ShapeDNA

ShapeDNA is an n-dimensional intrinsic shape descriptor (see Reuter et al., CAD Journal, 2006). It can be used to compare two geometric objects independent of their pose or posture as the ShapeDNA is not affected by (near)-isometric deformations. This tutorial shows how you compute, normalize and re-weight Laplace-Beltrami spectra to obtain the ShapeDNA.

[1]:
# imports
from lapy import TriaMesh, TetMesh
from lapy import shapedna

First we load some data: a tria mesh representing the boundary of a cube and a tetrahedral mesh representing the full cube.

[2]:
# load data
tria = TriaMesh.read_vtk("../data/cubeTria.vtk")
tet = TetMesh.read_vtk("../data/cubeTetra.vtk")
--> VTK format         ...
 --> DONE ( V: 2402 , T: 4800 )

--> VTK format         ...
 --> DONE ( V: 9261 , T: 48000 )

Let’s compute the first three eigenvalues and eigenvectors of the triangle mesh…

[3]:
# compute eigenvalues and eigenvectors for tria mesh
ev = shapedna.compute_shapedna(tria, k=3)
ev['Eigenvectors']
ev['Eigenvalues']
TriaMesh with regular Laplace-Beltrami
Solver: spsolve (LU decomposition) ...
[3]:
array([-4.0165149e-05,  4.1696410e+00,  4.1704664e+00], dtype=float32)

Now we perform a normalization of the eigenvalues using the method “geometry” which is equal to surface area normalization for 2d meshes. The resulting eigenvalues are the same as when computing them on the same shape with unit surface area (=1).

[4]:
# volume / surface / geometry normalization of tria eigenvalues
shapedna.normalize_ev(tria, ev["Eigenvalues"], method="geometry")
[4]:
array([-2.4099089e-04,  2.5017845e+01,  2.5022799e+01], dtype=float32)

For surfaces, eigenvalues increase linearly with their ordering. In order to reduce the influence of higher (and probably more noise affected) eigenvalues it is common practice to perform a linear re-weighting.

[5]:
# linear reweighting of tria eigenvalues
shapedna.reweight_ev(ev["Eigenvalues"])
[5]:
array([-4.01651487e-05,  2.08482051e+00,  1.39015547e+00])

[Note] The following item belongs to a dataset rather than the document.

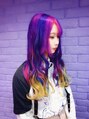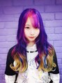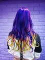 花冷え、moon walkちゃんです。ブリーチを全体にして、インナーをピンク、水色!トップを色味を変えたパープル二種類交互に毛先をイエローにして、最後にインナー二本白のエクステ、ティンセルをつけました。

The normalized and re-weighted eigenvalues are called the ShapeDNA. We can now compute the distance between two shapes by comparing their ShapeDNA. The default is the Euclidean distance between two ShapeDNA vectors.

[6]:
# compute distance for tria eigenvalues (trivial case)
shapedna.compute_distance(ev["Eigenvalues"], ev["Eigenvalues"])
[6]:
0.0

Note, that usually more eigenvalues are used (in the order of 15 to 50) for shape comparison. Also you can do other analyses, e.g. find clusters in this shape space or project it via PCA for visualization.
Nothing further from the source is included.